So the suggestion is:
Ability to input an image url in the discourse moderator panel (any variation, original, optimised etc.) for removal. Then remove the image from all cases it’s being used in (posts, profile images like avatar, background etc.) and purge it (all variations) from the image storage (local or S3). Potentially could ban the hash of the image to prevent it being uploaded again in the future also.
Discourse handles images in a really nice way, so that identical images being used in several different places (different posts from different accounts for example) won’t store duplicate images.
The downside though, is it can be very tedious to remove a specific image and not possible for this to be handled by a moderator using the web panel. It needs to be done via command line on the server, which means it cannot be handled by non-technical people and also more dangerous for human error.

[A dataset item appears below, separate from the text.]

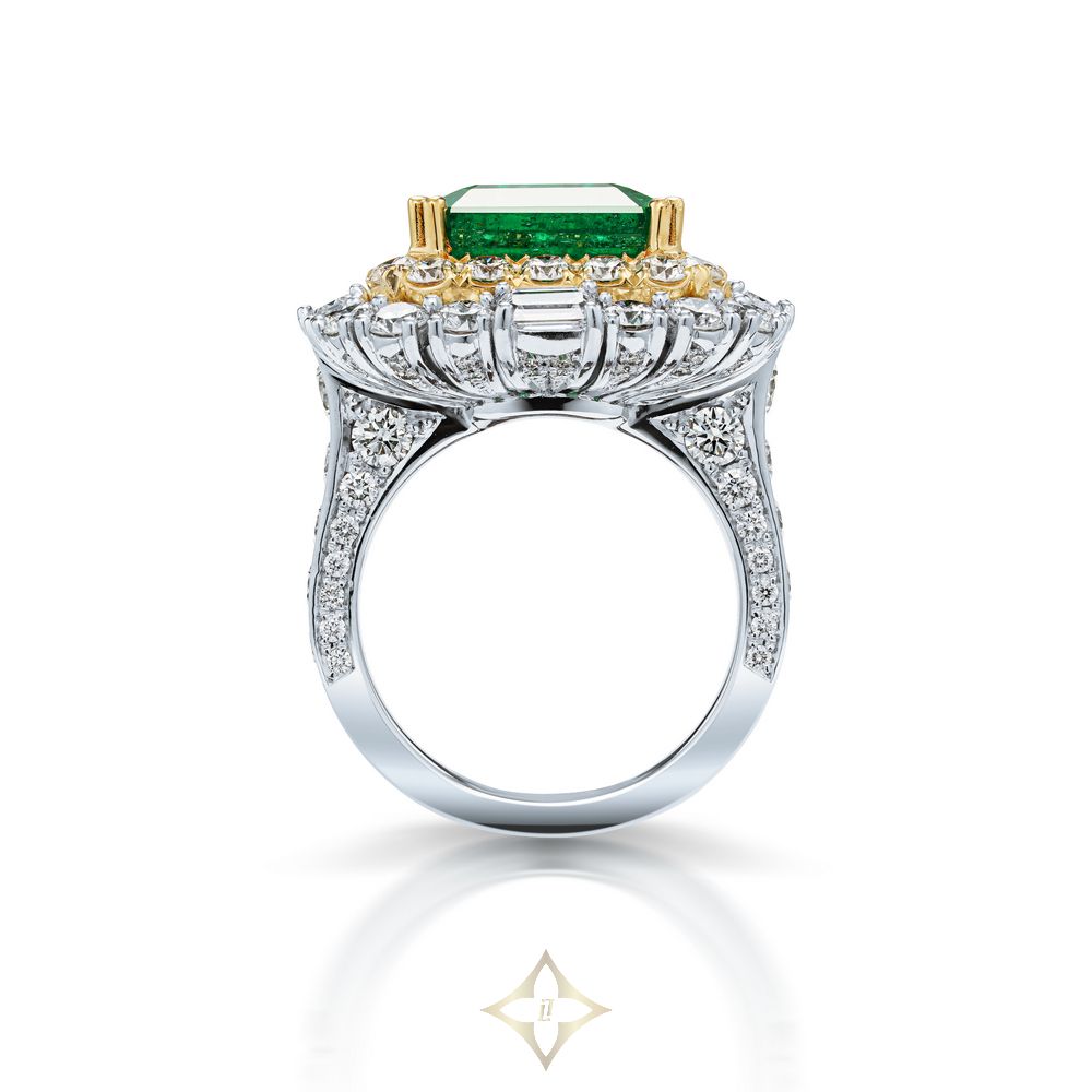 The setting part that directly touches the emerald is a combination set with 18K yellow gold, and the ring is set to make the emerald stand out more.

For example, if you are starting with an cdn image url that you would like to remove and it has been used in several different posts/replies etc. If you don’t know the topic/post etc. it was used in (often the case with DMCAs - just an image url without any additional info, often by automated DMCA bots using reverse image search) it can be very tedious to handle the removal.
If you delete a post on web that contains an image that should be removed for example, there is still a significant wait time until the image will be purged from S3/local automatically. The lowest this can be set to is 1 day via purge_images_from_deleted_posts_days
which is not really ideal either. Especially because CDN purge time needs to be factored in, unless it is purged manually as well as the amount of delay before someone can handle the request. So generally the upload needs to be deleted manually via command line, even if you have the context (topic/post, avatar etc.) for it immediately available.
With user generated content, being able to efficiently handle DMCAs, data removal requests etc. is inseparable and essential. Especially because they are time critical (if not handled within ~48hrs - normal practice for CDNs and hosting providers is to suspend services). Receive it on a holiday: too bad, weekend: too bad, you’re in hospital?: too bad, want to do a 10 day Vipassana silent meditation?: too bad.